● Exercise data
========================================================================
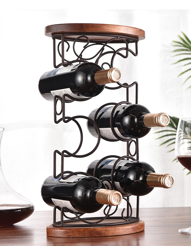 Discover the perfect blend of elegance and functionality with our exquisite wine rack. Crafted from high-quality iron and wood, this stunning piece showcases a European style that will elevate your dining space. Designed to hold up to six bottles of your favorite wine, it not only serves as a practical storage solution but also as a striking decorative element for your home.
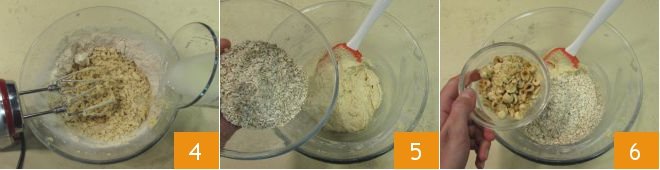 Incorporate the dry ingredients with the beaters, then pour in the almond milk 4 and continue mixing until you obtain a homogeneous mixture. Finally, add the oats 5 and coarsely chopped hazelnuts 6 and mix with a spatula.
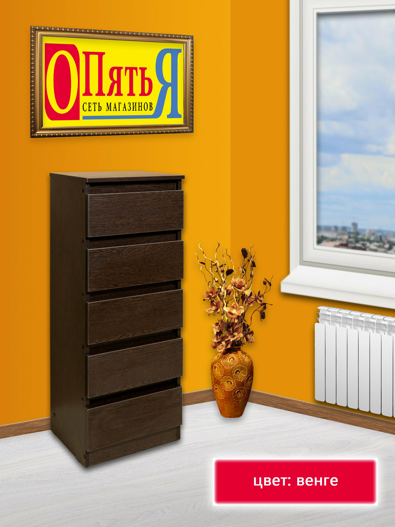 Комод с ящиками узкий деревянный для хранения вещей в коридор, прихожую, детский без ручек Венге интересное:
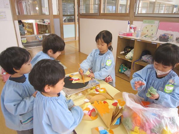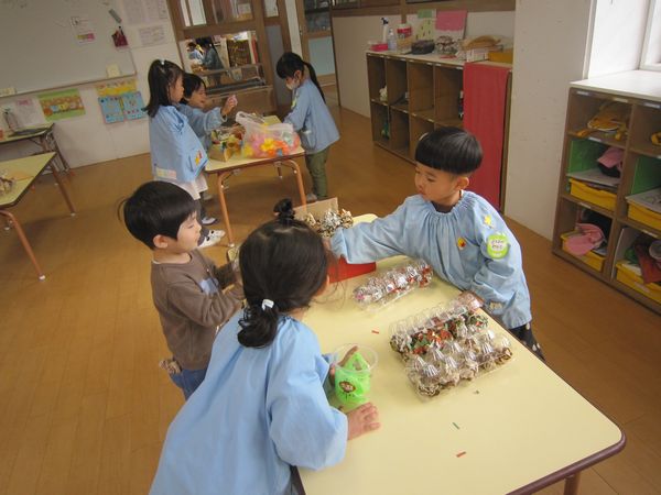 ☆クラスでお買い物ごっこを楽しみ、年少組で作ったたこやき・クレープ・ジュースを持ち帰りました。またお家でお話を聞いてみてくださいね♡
========================================================================
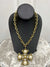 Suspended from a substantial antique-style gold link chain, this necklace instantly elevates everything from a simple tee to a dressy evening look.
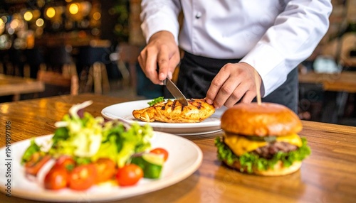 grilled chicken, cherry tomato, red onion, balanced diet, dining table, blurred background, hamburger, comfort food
========================================================================
● What is needed
Both the line containing "Suspended from a" and the line containing "grilled chicken, cherry" above belong in the output, as do the lines between them. Print them exactly, without pictures.

● Result
 Suspended from a substantial antique-style gold link chain, this necklace instantly elevates everything from a simple tee to a dressy evening look.
 grilled chicken, cherry tomato, red onion, balanced diet, dining table, blurred background, hamburger, comfort food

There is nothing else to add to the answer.